Data entries
=== Begin Enclosure ===

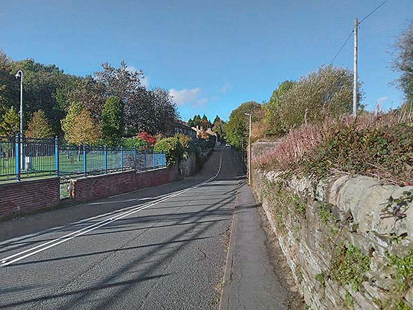 Looking north up Simonstone Lane. The trackbed to the left ran to Great Harwood in the west, and the right led directly to the station in the east. The two stone abutments for the former bridge can be seen in the centre of the photo where Simonstone Lane dips down. The bridge here was removed and cut up 30 May 1968.
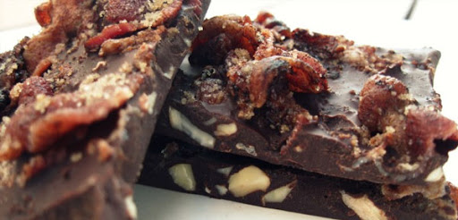 Combine the bacon and nuts. Remove bacon from the oven and pour the contents of the nut bowl on the sheet. Using a rubber spatula, stir and fold the bacon and nuts together until every thing is coated. Spread out into one layer on the sheet. Place back in the oven for 15 more minutes, stirring and spreading again halfway through.
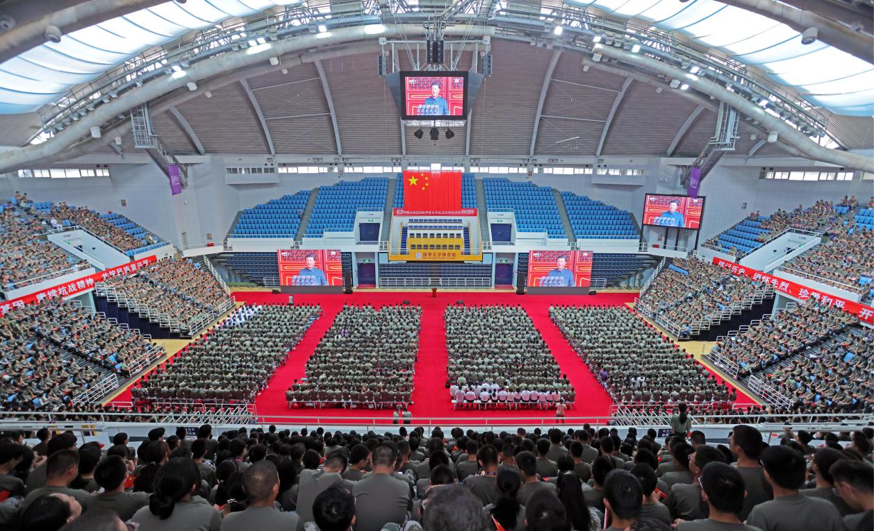 9时,华体会娱乐平台综合体育馆、新清华学堂内,近4000名正在参加军训的本科生新生、约1500名研究生新生翘首以盼,共待荣光时刻。在各单位的自发组织下,校园各处都有师生们集体观礼,同上一堂生动珍贵的思想政治教育课和爱国主义教育课。
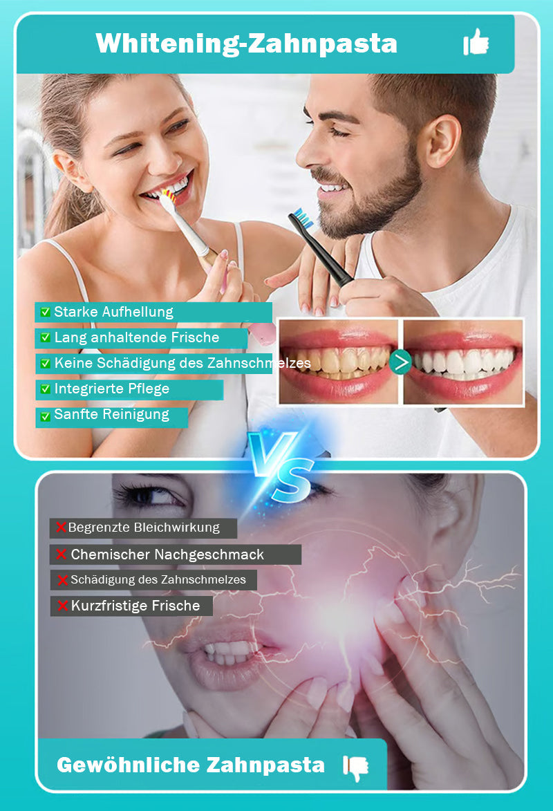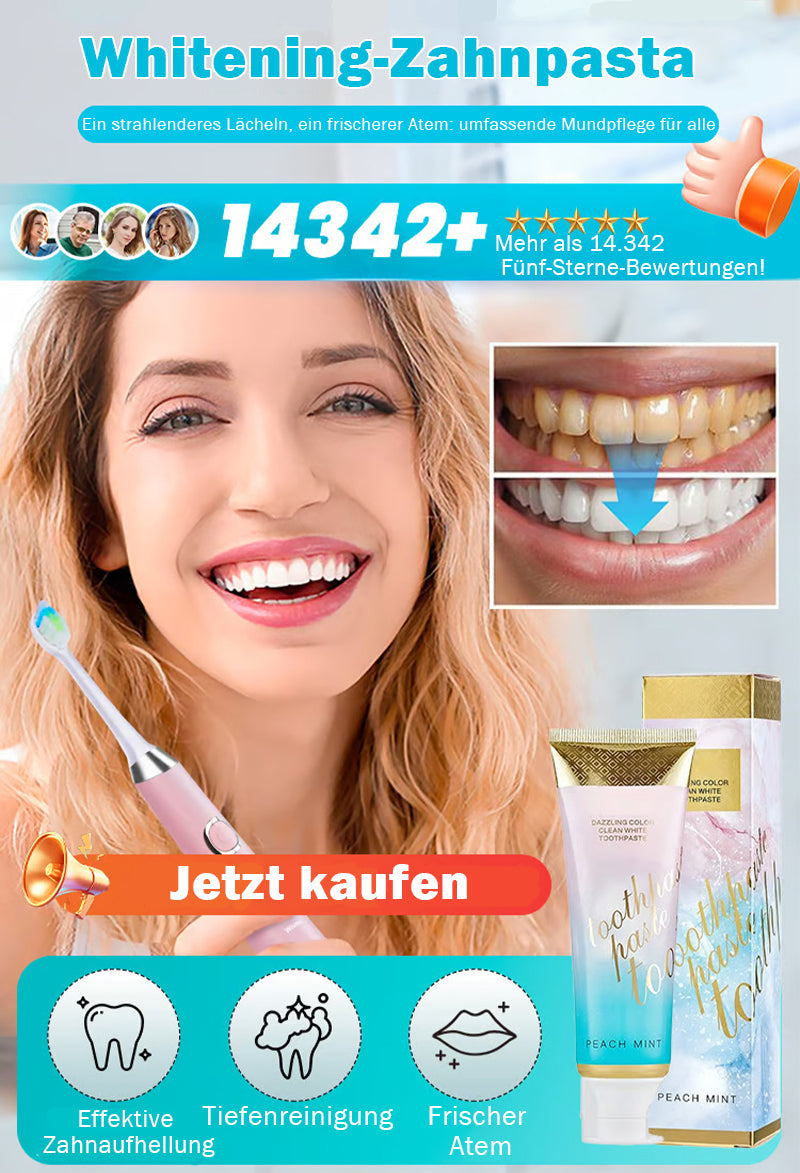 Diese Zahnpasta kombiniert Aufhellung, Fleckenentfernung und langanhaltende Frische, um Ihnen ein frisches, selbstbewusstes Lächeln zu verleihen.
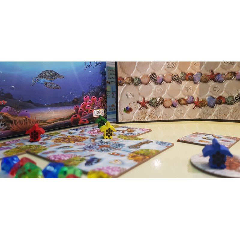 - The ECO Coral Reef game is for 2-4 players, with a playtime of 30-60 minutes. The game contains 60 cardboard tiles and accessories such as 1 scoreboard, 4 turtle meeples, and 8 gems.
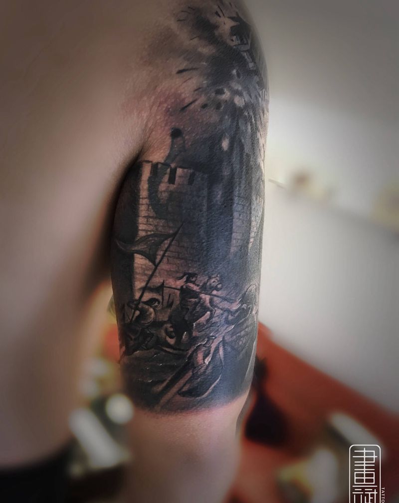 当前位置: 首页 >江苏省徐州市纹身店-徐州画文画武刺青工作室纹身图案>遮盖纹身图片_肩部手臂欧美写实遮盖战场包大臂纹身图案
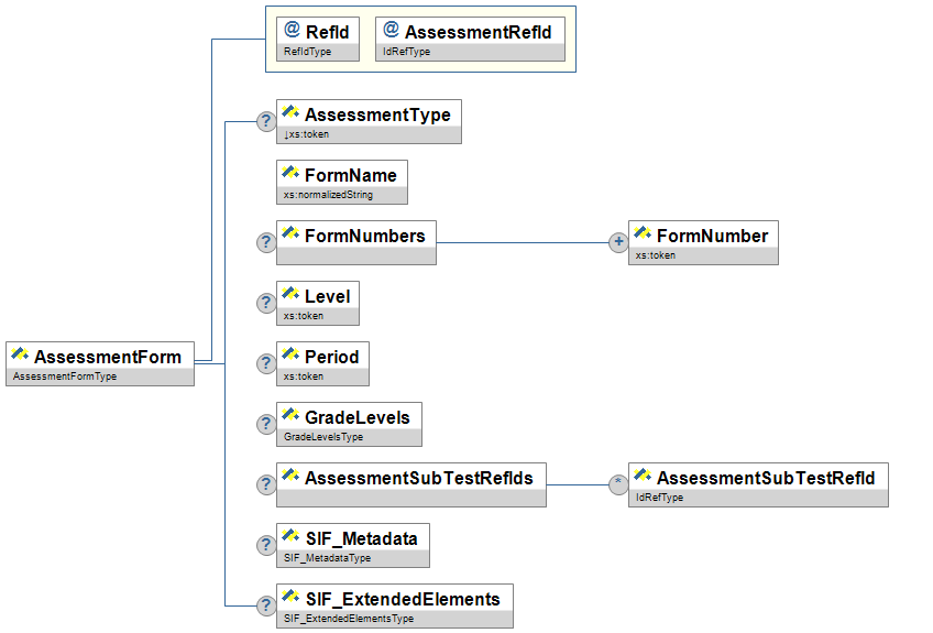 | @ | AssessmentFormRefId | M | The RefId of the assessment form used in the assessment administration. | IdRefType |

=== End Enclosure ===

Leave nothing out but the pictures when transcribing the records.

◆ **SOLUTION FOR THIS EXERCISE**:
 Looking north up Simonstone Lane. The trackbed to the left ran to Great Harwood in the west, and the right led directly to the station in the east. The two stone abutments for the former bridge can be seen in the centre of the photo where Simonstone Lane dips down. The bridge here was removed and cut up 30 May 1968.
 Combine the bacon and nuts. Remove bacon from the oven and pour the contents of the nut bowl on the sheet. Using a rubber spatula, stir and fold the bacon and nuts together until every thing is coated. Spread out into one layer on the sheet. Place back in the oven for 15 more minutes, stirring and spreading again halfway through.
 9时,华体会娱乐平台综合体育馆、新清华学堂内,近4000名正在参加军训的本科生新生、约1500名研究生新生翘首以盼,共待荣光时刻。在各单位的自发组织下,校园各处都有师生们集体观礼,同上一堂生动珍贵的思想政治教育课和爱国主义教育课。
 Diese Zahnpasta kombiniert Aufhellung, Fleckenentfernung und langanhaltende Frische, um Ihnen ein frisches, selbstbewusstes Lächeln zu verleihen.
 - The ECO Coral Reef game is for 2-4 players, with a playtime of 30-60 minutes. The game contains 60 cardboard tiles and accessories such as 1 scoreboard, 4 turtle meeples, and 8 gems.
 当前位置: 首页 >江苏省徐州市纹身店-徐州画文画武刺青工作室纹身图案>遮盖纹身图片_肩部手臂欧美写实遮盖战场包大臂纹身图案
 | @ | AssessmentFormRefId | M | The RefId of the assessment form used in the assessment administration. | IdRefType |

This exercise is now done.